Oracle Files identifies languages using Oracle NLS language abbreviations. See "Languages Supported In Oracle Files" for a list of Oracle Files-supported languages.

Service Configuration Properties

There are two service configuration properties that hold default character set and language values for Oracle Files Subscribers. The properties are:

IFS.SERVICE.DefaultCharacterSet
IFS.SERVICE.DefaultLanguage

These two properties are initialized with the Oracle Files Configuration Assistant tool and can be later modified through the Oracle Enterprise Manager Web site. The Oracle Files default character set should be the same or a subset of the database character set. The character set should be specified in accordance with the IANA standard naming convention. The language should be specified in accordance with Oracle naming for languages. See "Character Sets Supported in Oracle Files" and "Languages Supported In Oracle Files" for a list of Oracle Files-supported character sets and languages.

Oracle Files Protocols

Oracle Files does not support multibyte user names for certain protocols. Access through WebDAV (Web Folders and Oracle FileSync), HTTP, and SMB is not available for user names that contain multibyte characters. FTP allows multibyte user names. In addition, some protocols require that user passwords be in ASCII.

FTP

The standard FTP protocol does not define the character set of the file names or directory names that are usually passed as arguments of FTP commands. The FTP server is responsible for interpreting the byte sequence of the FTP commands. To allow users to access documents of different character sets and languages, the Oracle Files FTP server provides the following QUOTE commands:

Ftp> quote setcharencoding: Allows users to specify the character set for the FTP session. This character set specifies the character encoding to be used in subsequent FTP commands and the character set of the documents to be uploaded. The FTP protocol server converts FTP commands from this character encoding to Java String and vice versa. When the FTP session is first created, the FTP server uses the default character set of the session. The IANA naming standards should be used to specify the character set.
Ftp> quote showcharencoding: Displays the current character set of the FTP session. The character set is displayed in the IANA naming standards.
Ftp> quote setlanguage: Allows users to specify the language for the FTP session. The language of a FTP session is then associated with the documents that are uploaded. Oracle Text uses the language information to determine the appropriate lexer to use to index the document. When the FTP session is first created, the FTP server uses the default language of the session. Oracle language names should be used.
Ftp> quote showlanguage: Displays the current language of the FTP session. The language is displayed with the Oracle naming standard.
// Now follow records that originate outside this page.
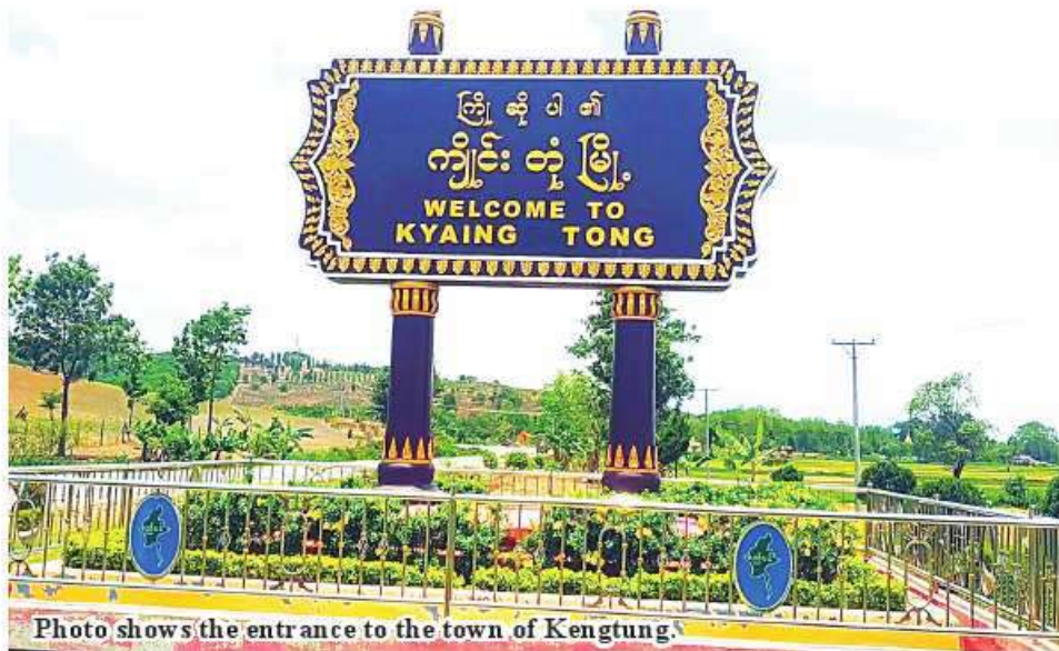
Photo shows the entrance to the town of Kengtung.

Kengtung May 14 2023-2024 FY, according to the Ministry of Commerce. The volume of trade from the Kengtung border trade station has increased year by year, reaching more than US$150 million in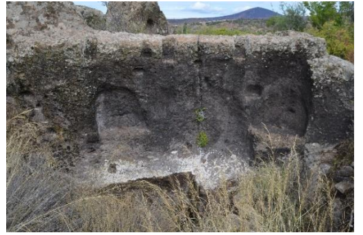
Resim 5: Preslere ilişkin mekanizmaların yerleştirildiği kaya oyukları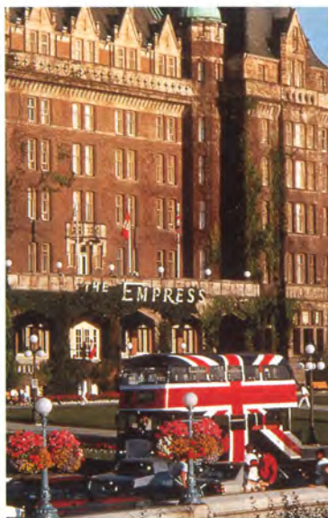
◆エムプレスホテル 街の中心地、ダウンタウンのインナーハーバーに面する由緒あるホテル。ビクトリアの観光名所へのアクセスが便利で、ホエールウォッチングの高速船もホテル前の港から出航する。

When a quote command is issued to change the character set or language of the FTP session, the FTP server actually updates the settings in the Localizer object of the current LibrarySession. Subsequently, since quote commands cannot be issued until a FTP session is established, only user names in the character set or subset of the FTP server's default character set can be used to log in to the FTP server. Appendix F, "FTP Quote Command Reference" for more information about quote commands.
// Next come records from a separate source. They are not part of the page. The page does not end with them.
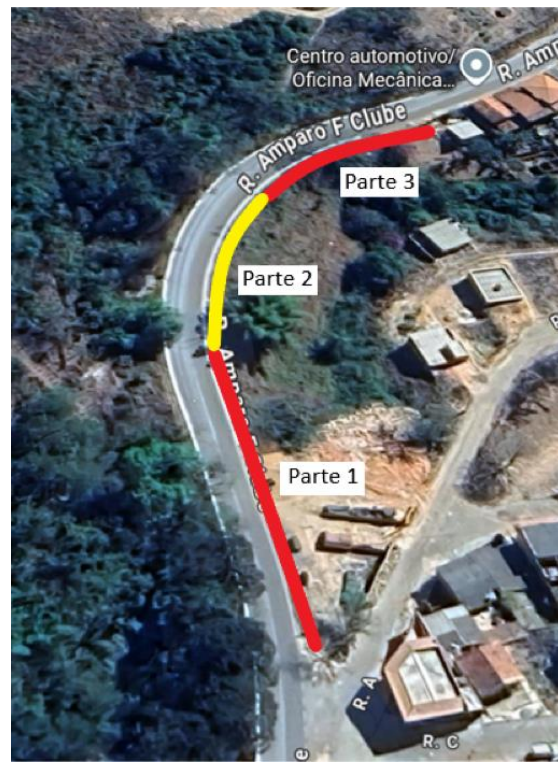
Figuras 5 e 6: Localização do trecho 3.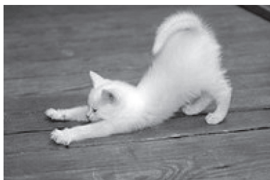
...mačke se znaju istezati ...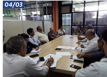
Reunião da comissão de embalagens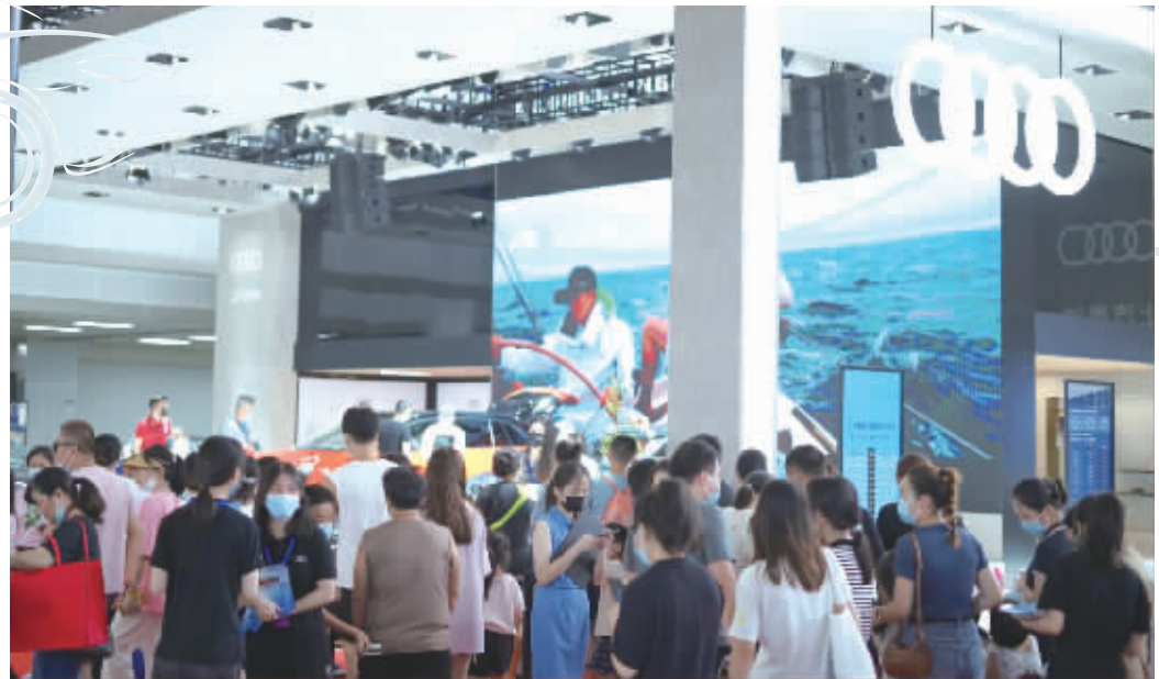
往届车展图。

4月28日至5月3日,2023湖南车展将在湖南国际会展中心(长沙世界之窗旁)盛大举行。本届车展以“车享美好生活”为主题,现场将不仅是一个车企展示品牌形象、车商卖车、消费者买车赏车的大舞台,还将被打造成网红长沙的体验馆。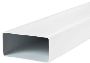
Rys. 5. Kanał prostokątny plastikowy

Nie należy stosować niżej wymienionej kształtki: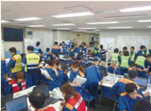
災害対策本部(情報センター)の様子

答弁 災害対策本部の体制強化は早期に解決すべき課題であり、東庁舎を中心とした既存施設の有効活用も視野に入れ、適切なスペースを確保できるように、スピード感を持って取り組んでいく。(防災危機管理局長)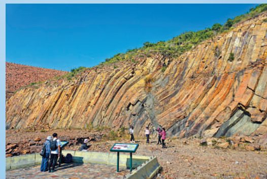
由淺色火山岩組成的六角形岩柱，是萬宜水庫的奇觀。

若是走累了，不妨前往聽鳴茶座飲茶小憩，這是香港首間由聽障人士經營的餐廳。餐廳外圍精心種植了山茶花、滿天星等植物。不妨點一杯咖啡，一邊休息一邊感受林間的陣陣微風，度過愜意時光。

Users can specify the character sets and languages of their environments using standard command-line FTP clients.

SMB

The Server Message Block (SMB) protocol server implements the SMB protocol to allow mounting of Oracle Files as a disk drive in Microsoft Windows Explorer. Microsoft has included Unicode support for the SMB protocol since LanManager Version 0.12.

The SMB protocol does not allow users to pass the character set and language information to the server. The session defaults will be used for documents inserted into the repository via the SMB protocols.

Character Sets Supported in Oracle Files

The following table summarizes the character sets supported in Oracle Files.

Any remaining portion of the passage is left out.